Закончив «Реквием», Рильке завершил и «Новые стихотворения». Конечно, этот сборник вряд ли можно считать самым значительным достижением поэта, но именно он обозначил его решительный отход от прежнего курса и неизменное намерение следовать в новом направлении. Как явствует из названия, книга совсем не похожа на прежнего Рильке. В сухой, несентиментальной прозе он создал портреты странных объектов, совершенно не похожих на людей: червей, открытых ран, животных. Как кубизм в живописи, так стихи Рильке в поэзии ломали прежнее представление о том, что заслуживает центрального места в искусстве, а что может являться лишь фоном, и рассматривали новые объекты со всех мыслимых точек зрения.

В «Новых стихотворениях», или «вещественных стихах», как называл их сам Рильке, люди исчезают почти полностью. Да и предметы, о которых идет речь, нередко отступают на задний план или появляются лишь как негативное пространство. Поэт заштриховывает все, что окружает предмет, оставляя лишь его контур и выводя его, таким образом, в центр. Так, стихотворение о лебеде в такой же степени можно считать и описанием воды, по которой он плывет, и размышлением об умирании: «оттолкнуться, не чувствовать больше / твердой почвы, на которой мы стоим изо дня в день».

Сборник разделил критиков Рильке на два лагеря.
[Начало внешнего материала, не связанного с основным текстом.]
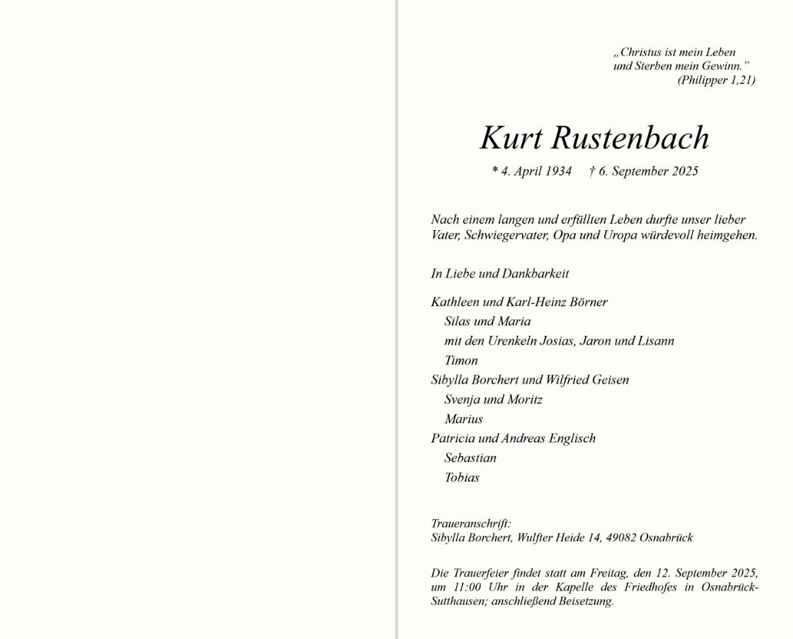wir wünschen Ihnen für die kommende Zeit viel Kraft und dass es Ihnen gelingt, dankbar auf die positiven Erinnerungen zurückzublicken. Diese Gedenkseite möge Ihnen dabei helfen, Ihre Trauer zu teilen und das Andenken gemeinsam wachzuhalten.

Многие немцы-почитатели его ранней поэзии были уязвлены разрывом с традицией романтической лирики. Венцы большей частью приветствовали эмоциональную отрешенность новых стихов, присущую fin de siècle[9]. Но, пока критики спорили, к какой поэтической школе отнести Рильке – к немецкой, австрийской или богемской, – он всем утер нос, посвятив книгу французу: A mon grand Ami Auguste Rodin[10].

А когда его издатель предложил ему хотя бы перевести эпиграф на немецкий, чтобы он соответствовал всей остальной книге, поэт отказался наотрез и оставил посвящение на родном для Родена французском. Слова учителя – travailler, toujours travailler, «трудиться, неустанно трудиться» – призывом звучали в его ушах, и результатом стал самый плодотворный пока период за всю его поэтическую карьеру. Какие бы разногласия не возникали между ними в дальнейшем, Рильке всегда будет благодарен Родену за этот опыт.
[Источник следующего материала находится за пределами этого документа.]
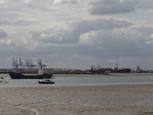 A footbridge over the railway provided the exit from estate and then a main road was negotiated to begin a very different section of the walk. For about 1km a public footpath wended it's way between old concrete sea defences and reclaimed land that had become an enormous car park for imported cars and vans. Eventually the path reached the coast, and the walk alongsise the estuary was the highlight of the trip. Oystercatchers and other wading birds fed as the tide receded and the Council had thoughtfully provided many seats to allow a leisurely enjoyment of the interesting waterways and mudflats.

Больше того, пример Родена послужил ему образцом для собственного творчества. «Проза хочет строиться, как собор; в ней ты остаешься без имени, без амбиций, без помощи: один среди лесов, наедине с собственной совестью, – писал Рильке Родену в новом году, вскоре после публикации его книги. – Другому мне пришлось бы объяснять, что это значит. Но вы, мой верный и единственный друг, вы поймете меня правильно».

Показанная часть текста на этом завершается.